Get started with data visualisation in Apache Superset

05.09.2023 14:00 von Daniel Keil

From setup to Proof of Concept (PoC) in just one day

Get started with data visualisation in Apache Superset

With Apache Superset, modern dashboards can be created very quickly with the "no-code visualisation builder".

The Apache Foundation's (ASF) open source project Apache Superset is a modern business intelligence software with comprehensive data analysis and visualisation capabilities. The project was added to the ASF's roster of top-level projects in January 2021 [1]. With Apache Superset, modern dashboards can be created very quickly with the "no-code visualisation builder".

Installation is easiest under Docker, Kubernetes or with PyPi. But the latter only contains the compiled elements of the frontend after the build . Subsequent changes or further developments cannot, or only with difficulty, be realised with this.

We have therefore decided to install Superset from scratch. It works for various Unix/Linux distributions and Mac OS. The installation is done with the Python package manager pip and nodejs. However, there is a number of unforeseeable obstacles in building the application, for which the documentation [2] unfortunately lacks the crucial hints.

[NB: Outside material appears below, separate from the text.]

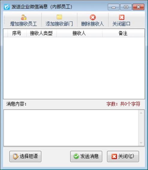 在功能導航窗“擴展應用”-》“發送微信消息”,可以直接發送企業微信消息給部門或員工,消息內容不受限制。
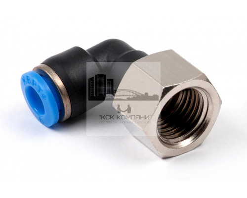 PLF – модель фитинга (трубка-резьба): L-образный фитинг с внутренней резьбой с одной стороны и нажимным цанговым соединением с другой стороны

After some research, however, we managed to successfully set it up under RHEL 8.7 and under Debian/Ubuntu as well. This blog post is intended to help overcome the setup hurdles of Apache Superset and enable a better start.

Before the installation - preparation with python and nodejs

These instructions refer to Apache Superset version 2.1.0 under RedHat 8.7. In general, it is advisable to follow the constantly updated official setup documentation in order to be up to date. The required software packages listed there must be installed. Regarding Python, however, it is essential to install version 3.8:

sudo yum install python38 sudo yum install python38-devel sudo yum install python38-pip sudo yum install python38-wheel

NodeJS version 16 is required. This version is installed, for example, as an AppStream module with the following command:

sudo dnf module install nodejs:16

Then create a Python Virtual Environment as described in the documentation and activate it. Differing from the documentation, some modules are required in special versions:

pip install sqlparse=='0.4.3'
pip install pillow
pip install marshmallow-enum

Now the preparations are finished and the actual installation of Apache Superset can begin.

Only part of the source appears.